The AVR assembler and AVRDUDE are generally available as the avra
and avrdude
packages on linux.
The first step when writing assembly is to find an include file for the microcontroller you want to program.
One for the atmega328p is available here.
This gives names to the various registers that control I/O, timers, and other features.
It isn’t required, but the alternative is reading through the microcontroller datasheet.
Say we want to turn on the Arduino’s LED.
On the Arduino Uno, an LED is connected to pin 13, which is connected to the PB5 pin on the microcontroller.
First, we need to configure the pin to be an output.
This is done by writing a 1 to the 5th bit of the DDRB
and PortB
registers.
Then to keep the program counter from going crazy, we just jump to the same place over and over again. The resulting program is as follows:
.include "./m328Pdef.inc"
ldi r16,0b00100000
out DDRB,r16 ; Set data direction to out
out PortB,r16 ; Set pins high or low
Start:
rjmp Start
To make the LED blink requires some more code. It can be done by counting up to a certain number, turning on the LED, resetting the counter, counting up again, and then turning off the LED. This doesn’t require accessing RAM so each instruction takes one clock cycle (not that it matters for a counter like this). The microprocessor operates at around 16Mhz, so if the loop takes 7 cycles it needs to be able to count to around 2,000,000 to toggle every second.
To make this counter we will use several instructions that rely on the status register. This register stores 8 flags:
Bit | Description |
---|---|
0 | C Carry – also the borrow flag |
1 | Z Zero – 1 when the result is zero. |
2 | N Negative – MSB of result |
3 | V Overflow – two’s complement overflow |
4 | S sign – A XOR B. For signed tests |
5 | H Half-carry – Internal carry, for BCD |
6 | T Bit copy – used in bit store/load instructions |
7 | I Interrupt – Set if interrupts are enabled |
The carry flag is set when the result of an add or sub instructions when they carry or borrow on the last bit. The adc and sbc instructions add the two numbers plus the carry bit. Comparisons are done with the cp instruction, which modifies all of the bits except T and I. There are many branch and skip instructions that use these bits.
We need a 22 bit number to count to 2 million so it will have to be stored over 3 of the 8 bit registers.

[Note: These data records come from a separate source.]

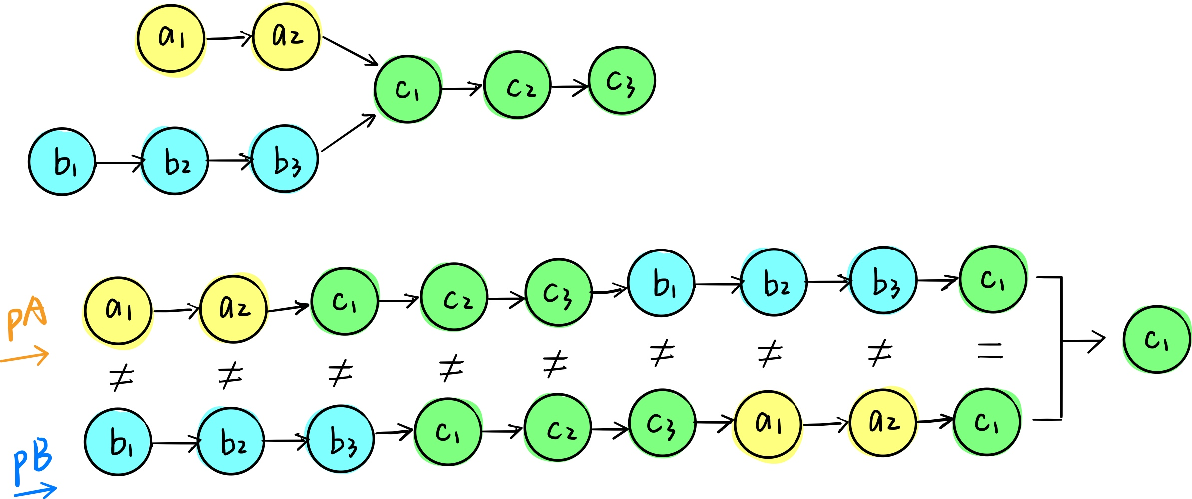 PA = PA ? PA.next : headB // PA遍历完A链表, 立马使PA = headB
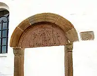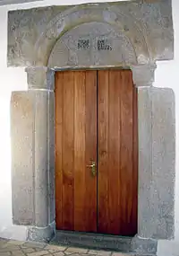 Kirken har et romansk kor og skib. De er opført i granitkvadre med marksten indvendigt. De to døre (den nordre er tilmuret) er forsynet med udsmykkede granitportaler. Syddørens overligger viser en korsfæstelsesscene med (ifølge indskrifter på overliggeren) ærkeengelen Michael ved Jesu højre side og apostelen Johannes på venstre side. Over norddøren er der et tympanon med en korsnedtagelsesscene. Ved siden af tympanet er der en granitkvader med en løve, der bider sig selv i halen.
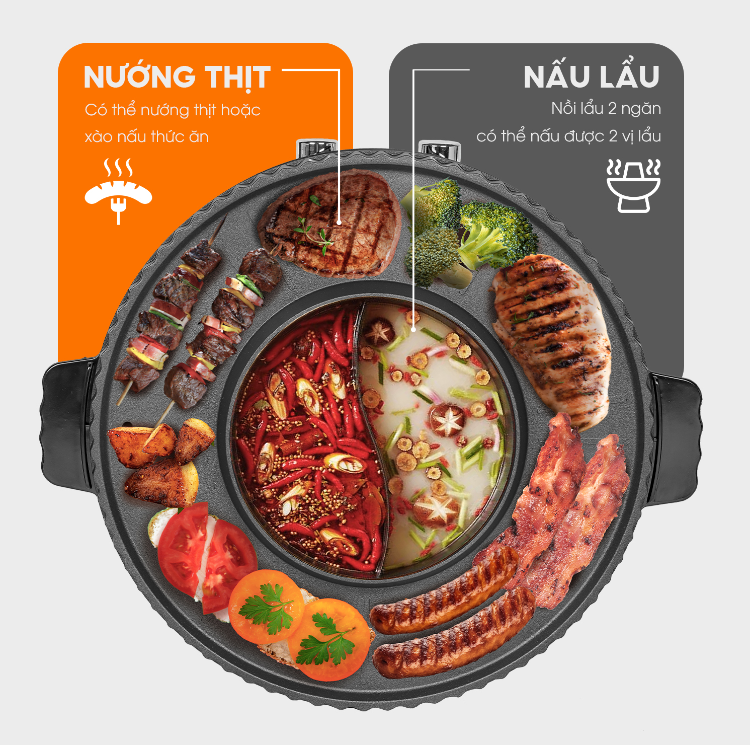 Là một thiết bị nhà bếp sử dụng điện năng để chuyển hóa thành nhiệt năng nhằm mục đích phục vụ 2 nhu cầu cùng lúc đó là: * Nấu lẩu * Làm đồ nướng
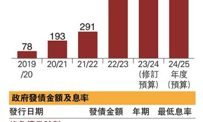 【明報專訊】政府大幅增加發債借錢應對財赤,由去年原本...
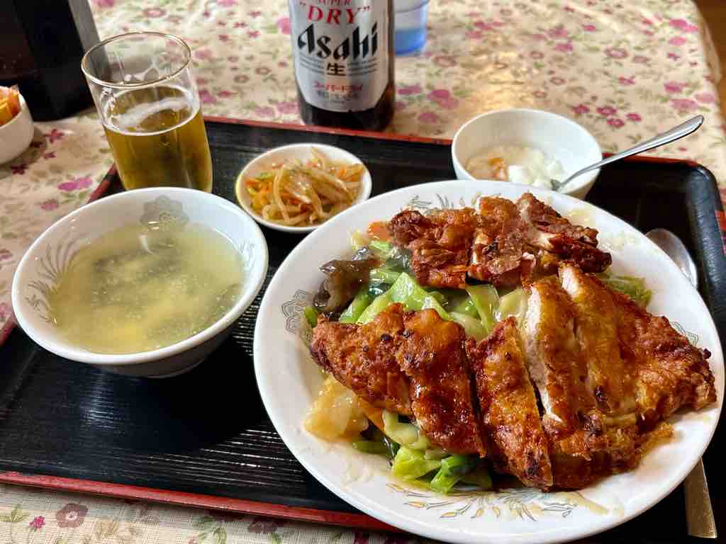 排骨は、カレー味で、厚みもあるので食べ応えがありますね、カリッと上がりとても美味しい、ビール頼んで大正解
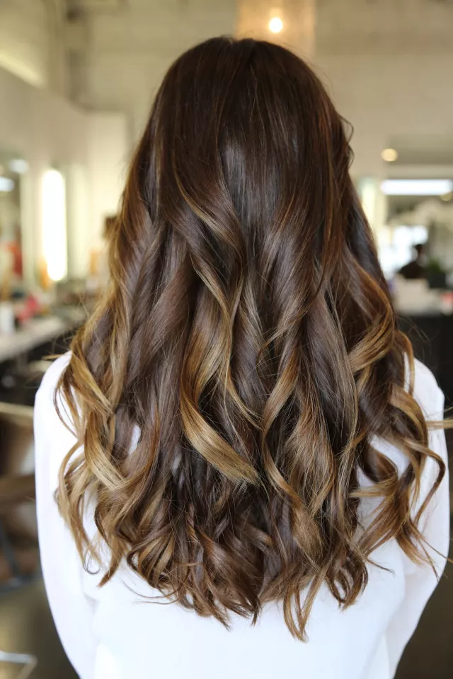 Deep brown hair gets a special treatment when two tones of ribbons are chosen. Your locks will see both texture and movement as a result of this choice in rich ribbon highlights.
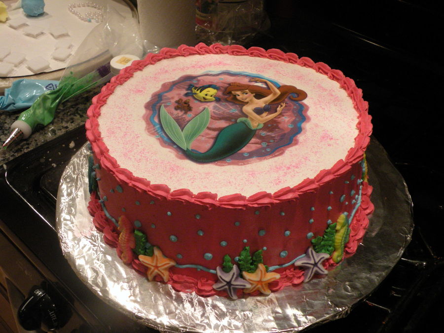 Little Mermaid birthday cake for a clients daughters first birthday. Little Mermaid edible image, buttercream frosted. TFL (a little mermaid cake by beachcakes was my inspiration for this cake, it really fit what the client asked for, thanks!!)
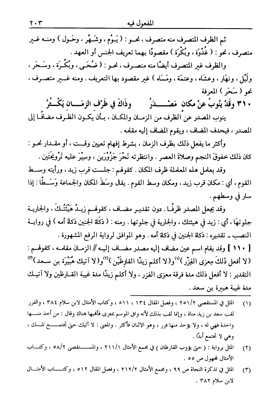 310 - وقد ينوب عن مكانٍ مصدر ... وذاك في ظرف الزمان يكثر
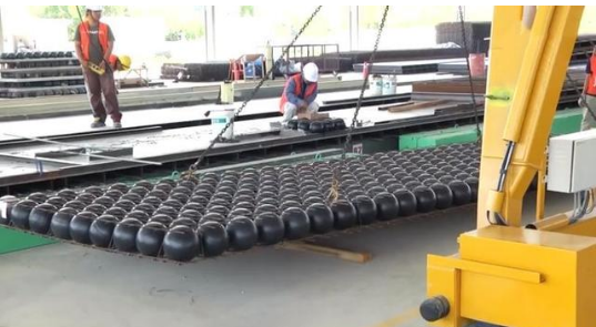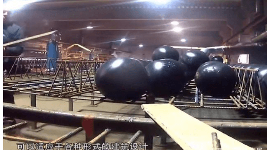 如此一來,減少了混凝土的用量,1kg的小黑球可替代100kg的混凝土。更減少了結(jié)構(gòu)自重,延長了建筑物的使用壽命。還增強了混凝土和黑球之間的強度,使房屋的壽命更長。
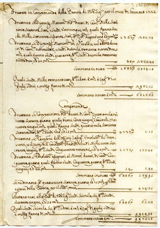 Fruttato in Componenda della Dateria di Nostro Signore per il mese di Gennaro 1721
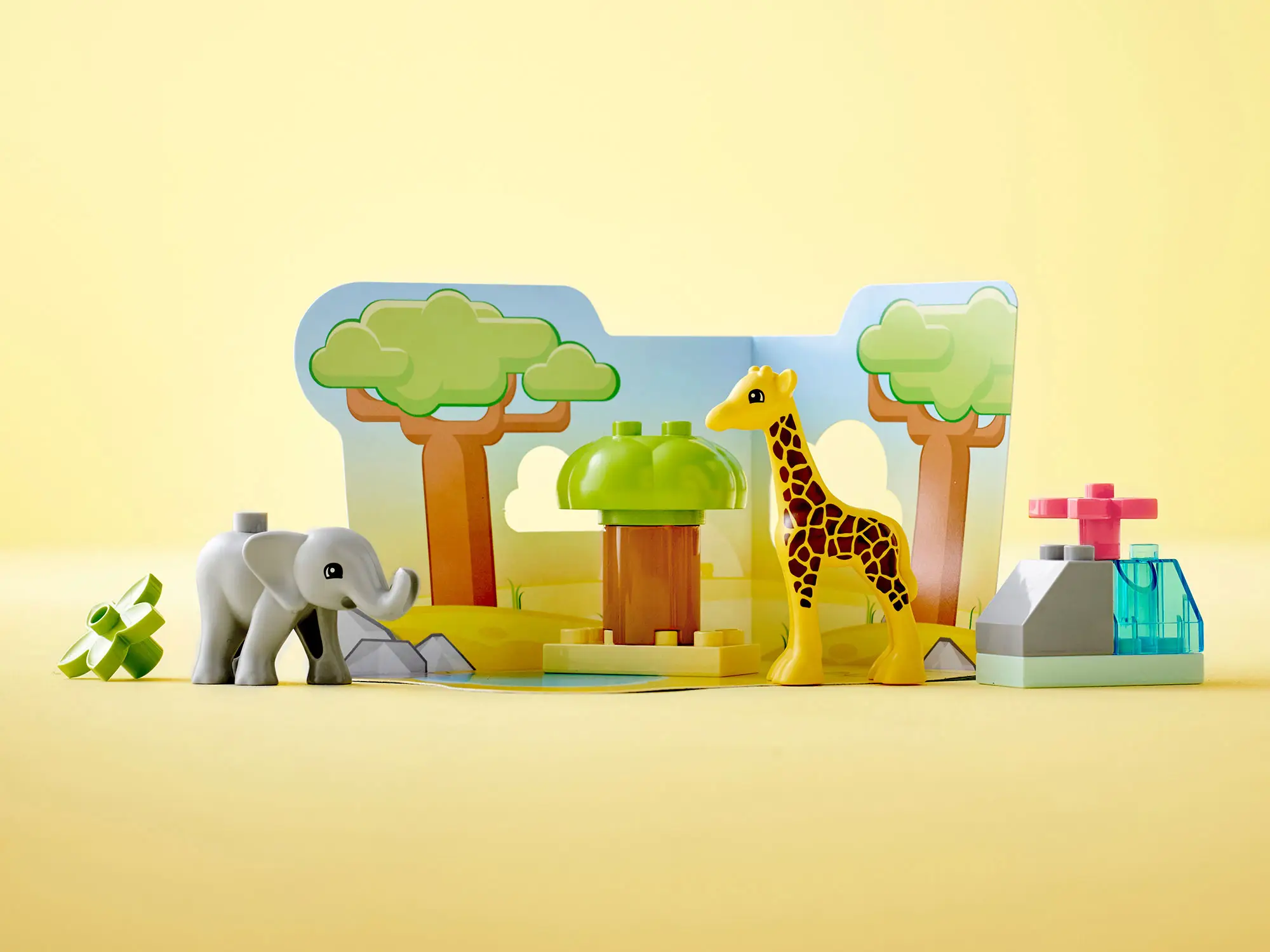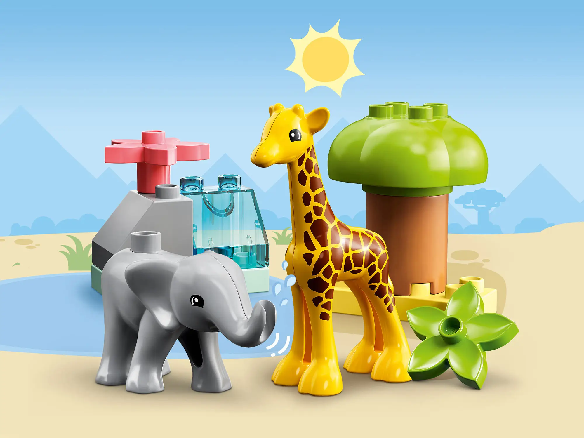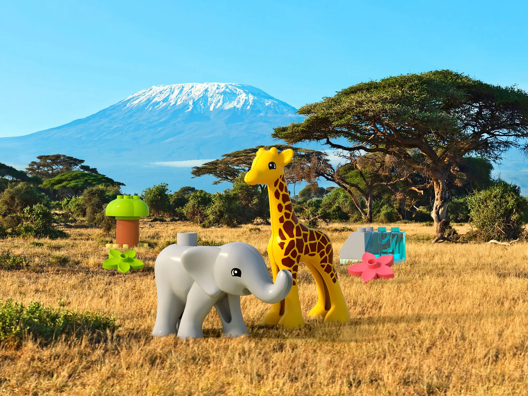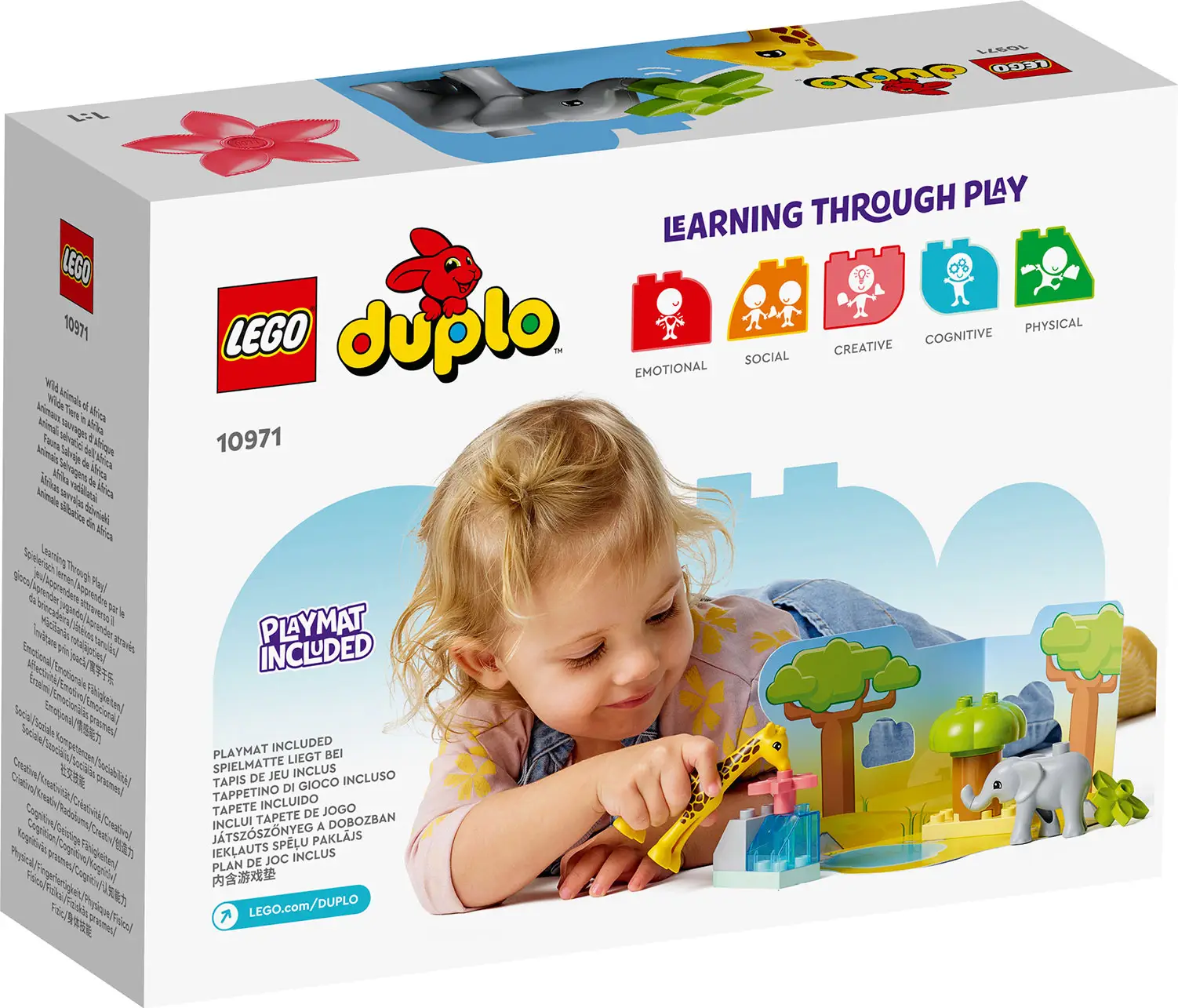 Познакомьте малышей с животными Африки с помощью набора Lego Duplo. В наборе есть цветы и дерево, которыми могут подкрепиться фигурки животных, а также трёхмерный игровой коврик с лесом для исследования.
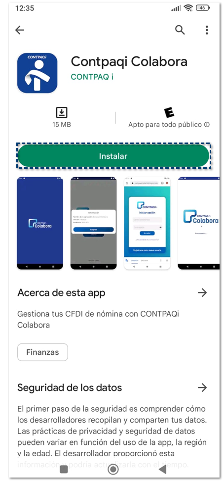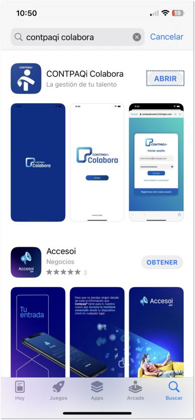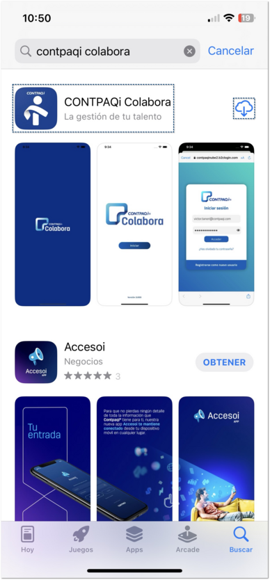 Identifica y selecciona la aplicación CONTPAQi Colabora y descarga la aplicación:
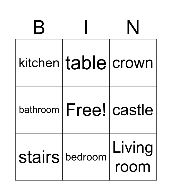 This bingo card has a free space and 8 words: castle, crown, table, stairs, kitchen, Living room, bathroom and bedroom.
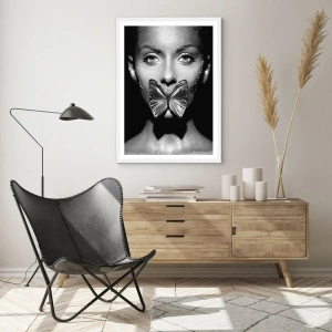 Affiche dans un cadre blanc - Poster - Baiser papillon - 60x60 cm
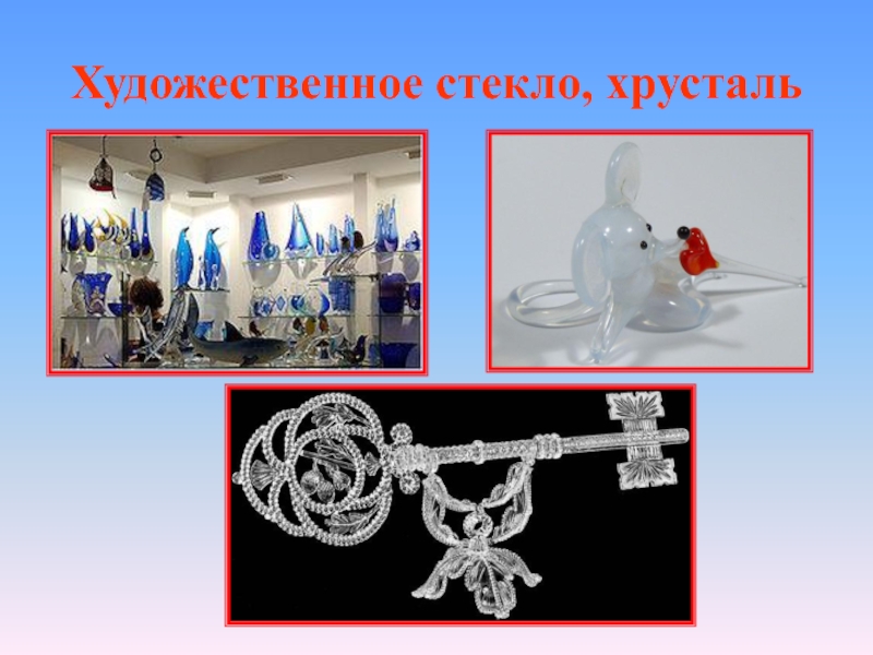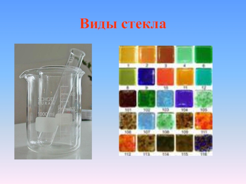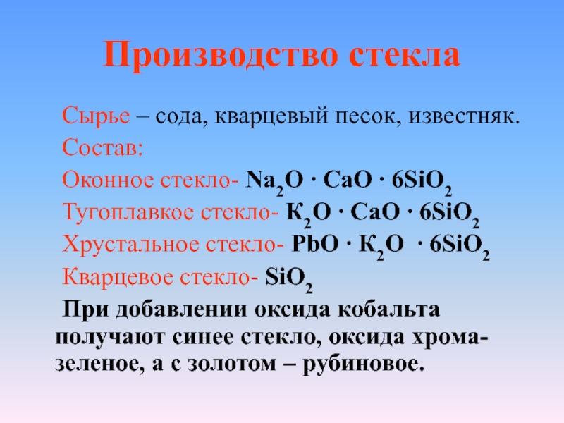 При добавлении оксида кобальта получают синее стекло, оксида хрома- зеленое, а с золотом – рубиновое.

When the upper 8 bits reach a certain value, it resets all three counter registers and starts over.
.include "./m328Pdef.inc"
.equ ledMask = 0b00100000
.def zero = r1 ; r1 should always be zero
.def numLow = r16
.def numMid = r17
.def numUpper = r18
.def one = r19
.def temp = r20
ldi one, 1 ; initialize our "one" register
ldi temp, 0 ; make sure zero register is 0
mov zero, temp
ldi temp, ledMask
out DDRB, temp ; Set led pin data direction to out
out PortB, temp ; Set led pin to high
Increment:
add numLow, one ; increment lower by one
adc numMid, zero ; add zero + carry bit to mid
adc numUpper, zero ; same for upper
cpi numUpper, 0b00011111 ; half of full register
breq TurnOn ; branch if numUpper is Same or Higher than value in previous instruction
rjmp Increment ; else increment again
TurnOn:
ldi temp, ledMask
out PortB, temp ; Set pin to high
clr numLow
clr numMid
clr numUpper
Increment2:
add numLow, one ; increment lower by one
adc numMid, zero ; add zero + carry bit to mid
adc numUpper, zero ; same for upper
cpi numUpper, 0b00011111 ; half of full register
breq TurnOff ; branch if numUpper is Same or Higher than value in previous instruction
rjmp Increment2 ; else increment again
TurnOff:
mov temp, zero
out PortB, temp ; Set pin to low
clr numLow
clr numMid
clr numUpper
rjmp Increment ; start incrementing again
This felt like quite a bit of assembly to do something so simple, so I was curious about what the classic Arduino blink program compiles to.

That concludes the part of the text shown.